Think Your Company’s Chief Information Security Officer Is Super Busy?
On a typical day, the chief information security officer at a multinational corporation might deal with a few hundred serious cyberattacks. Jamil Farshchi, CISO at credit bureau giant Equifax, deals with four to five million a day. It’s the difference between occasional skirmishes and nonstop intergalactic warfare.
Farshchi spoke at the recent Information Security Symposium hosted by NSF-ISR, a leading global management systems certification organization. The theme of the symposium was the importance of forming a culture of security within all organizations to protect against increasing cyber threats.
When asked how he manages to deal with the constant onslaught, Farshchi laughed and said, “Well, some nights I don’t get much sleep, and I’ve also lost all my hair.” Equifax Inc. is a major credit reporting firm and collects data on more than 800 million consumers and 88 million businesses worldwide.

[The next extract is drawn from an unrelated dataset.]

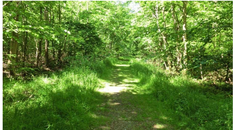
Weg in Richtung Sunstedt

The career path Farshchi followed prepared him well for what he faces at Equifax. “I've been in security my entire career,” he says. “With great stops along the way, including protecting nuclear weapons at Los Alamos National Laboratory and handling six to seven trillion dollars’ worth of payments when I was at Visa.
“Then Home Depot brought me in after the mega breach they experienced in 2014, and I helped to rebuild the program there. Most recently, I've been at Equifax. After the 2017 breach we experienced, I helped rebuild our program and position us as a leader in this space. So an interesting career, and I've certainly been on the front lines.”
Being at the forefront has taught Farshchi the value of creating a culture of security within an organization, in addition to having top security talent. “Here at Equifax, we’ve tried to build in both,” he adds. “We uplifted the security talent, hiring about a thousand individuals in the wake of the incident.
“Then we strengthened that with a strong push to build a security-first culture throughout the organization. The combination of those two things really set us up for success. It’s why we’re able to defend against three to four million attacks every single day.”
Listen to Jamil Farschi discuss Equifax’s cybersecurity preparation, and he sounds much like a seasoned NFL coach. “Look, we play like we practice. Organizations often fail to put in the right level of effort practicing for that really dire incident. As a result, when those things occur, you’re not ready for it, and it becomes a hair-on-fire moment.
“I can speak from experience, having been involved with organizations that have dealt with mega security incidents,” Farshchi says. “Things get chaotic very quickly. You have to prepare correctly, and I mean top-to-bottom preparation across the whole organization. It can’t just be just a few internal teams.
“Because when a big thing hits, you need everyone involved. Whether it’s legal, finance or communications, every single unit is going to need to help the organization solve it. Coordinating all of that and having people able to respond effectively is really difficult to build. It only comes with constant preparation.”
With that constant preparation comes a culture of security within an organization. And for Jamil Farshchi, maybe fewer sleepless nights and a bit more hair. Even after all those “hair-on fire” moments.